I have been riding the Open Corsa CX tires for about 6 months. I really like them. The first thing I noticed was the reduced road noise vs. Michelin Pro 3 tires they replaced. I have Michelin butyl tubes in them and some day I would like to try latex tubes. But for now, I really like the ride quality. I will admit that like Pitts Pilot, the rear tire can slip on steep, wet roads. However, I have two new Veloflex Corsa 23 mm tires waiting to replace the Vittorias when they wear out. In fact, you might argue that the Veloflexes are "real" Vittorias and the Thailand Vittorias are mere imposters. My 23 mm Open Corsa CX tires actually measure a hair over 25 mm on A23 rims.


----------



## metoou2 (Mar 18, 2009)

WeakSister said:


> It depends on what you want out of a tire. The Conti is more flat-resistant, but does not have the ride quality of the Corsa CX. Also, all this talk about the Corsa performing poorly in wet conditions is overblown.


I'll send ya pics of my scars. 
Went for (5) years with no, none, zero, out of competition crashes. I just had to try out the Vittorias after reading all the reviews. (clinchers)

They let go in the wet with no warning. It makes for an ugly crash.

First was in a complete downpour. We all backed off on the speed a bit. We were on black asphalt. There was a slight, linear depression in the pavement. My tire followed the depression and the front let go (while I was traveling in a straight line), and bam, I'm on the ground.

Second crash was (5) months later. No rain at all. It was heavy dew covering black asphalt. Slight bend in the road and again the front let go. It took quite some time to get that 'feeling' out of my head. 

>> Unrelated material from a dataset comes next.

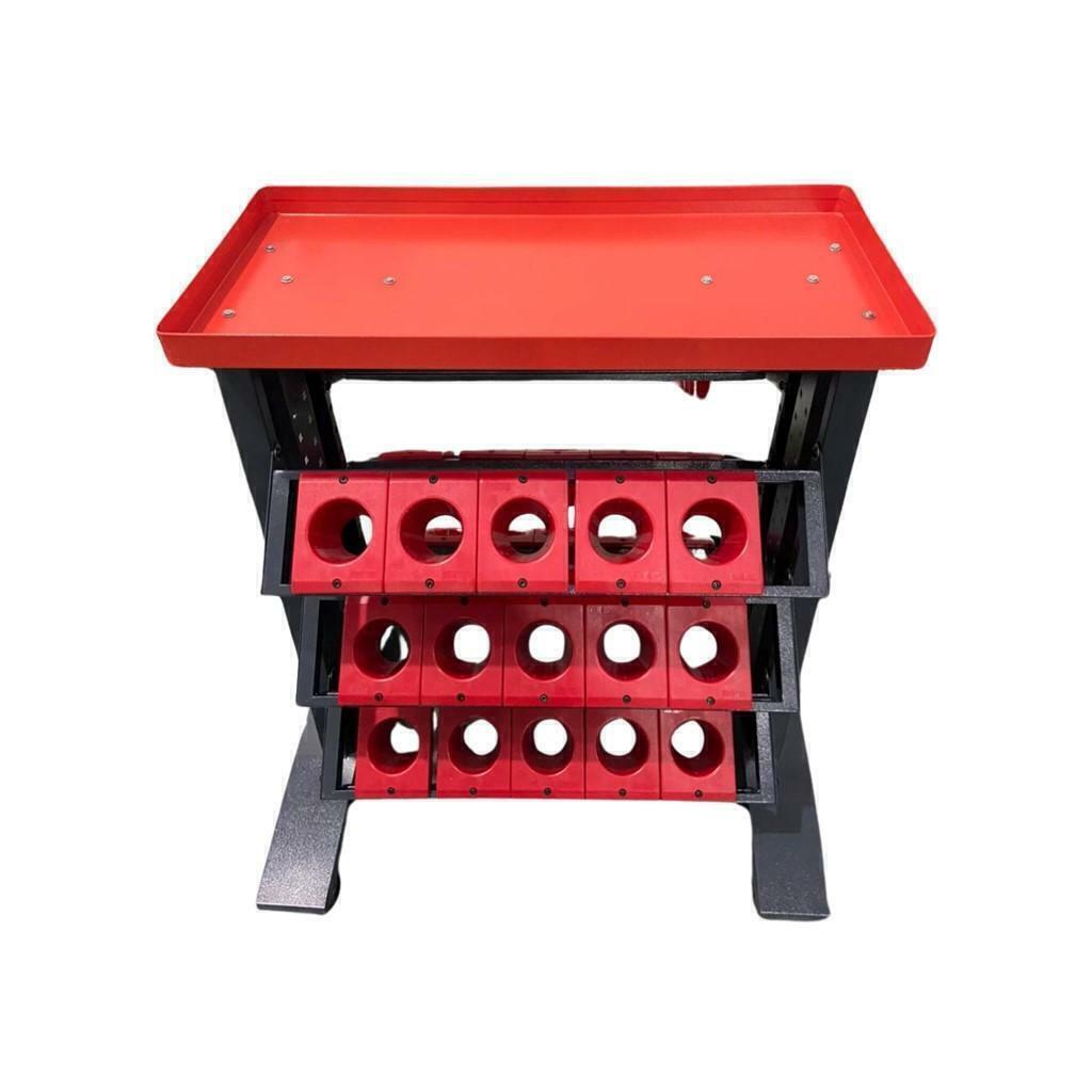 Porta cones tipo rack com alojamentos para 30 cones BT-50, SK-50 ou ISO-50 Dimensões de 800 x 660 x 930mm e a bandeja tem medida de 730 x 340mm Com pés emborrachado e com regulagem de altura.

Turn the page; for a sunny day tire, Vittorias can't be beat. They roll fast, smooth and will hug a corner better than any tire I've been on.


----------



## gibson00 (Aug 7, 2006)

metoou2 said:


> I'll send ya pics of my scars.
> Went for (5) years with no, none, zero, out of competition crashes. I just had to try out the Vittorias after reading all the reviews. (clinchers)
> 
> They let go in the wet with no warning. It makes for an ugly crash.
> ...


I believe you, but I also believe you'll read the same sort of reports for all tires, just like you'll read about folks getting punctures (bad luck sometimes) with all tires.
I actually found that with clinchers, Conti GP4000S tires felt the most slippery on wet roads, like they were swimming around underneath me. The Vittoria's felt the best to me, I jut found that they seemed to hug the road more, wet and dry, due to their suppleness. Michelin Pro 3's and 4's......garbage IMHO. Just hold them in your hand, they don't even feel like rubber, more like a hard plastic...
This past Summer all my riding was on the tubular version of said Vittoria's, including a lot of wet riding. No flats, no falls, felt great.
Different strokes...
I should add that, I weigh about 178, so probably weigh a bit more than some folks here, and maybe helps keeping the tires from slipping... 
Cheers


----------



## Mike T. (Feb 3, 2004)

Right now at Ribble - about $28 each if you spend over $55. The best I usually see is around $40 each.


----------



## stringcatt (Jun 20, 2009)

*If you still haven't figured it out*



zone5 said:


> Grips well on dry but it's gets hairy even on foggy days. Big no no in rain! Mileage wise, I got about more than 3K of mixed road and rollers.
> 
> I bought the CS version with the new compound and tread design but I have not ridden it in the rain.


These tire are DIRECTIONAL.


----------



## Notvintage (May 19, 2013)

I absolutely love them and have used them exclusively year round. They are stellar performers and it's the only tire I will buy. Do they last like Conties? No, but life is too short to ride mediocre tires.


----------



## tihsepa (Nov 27, 2008)

stringcatt said:


> These tire are DIRECTIONAL.


This is riveting.


----------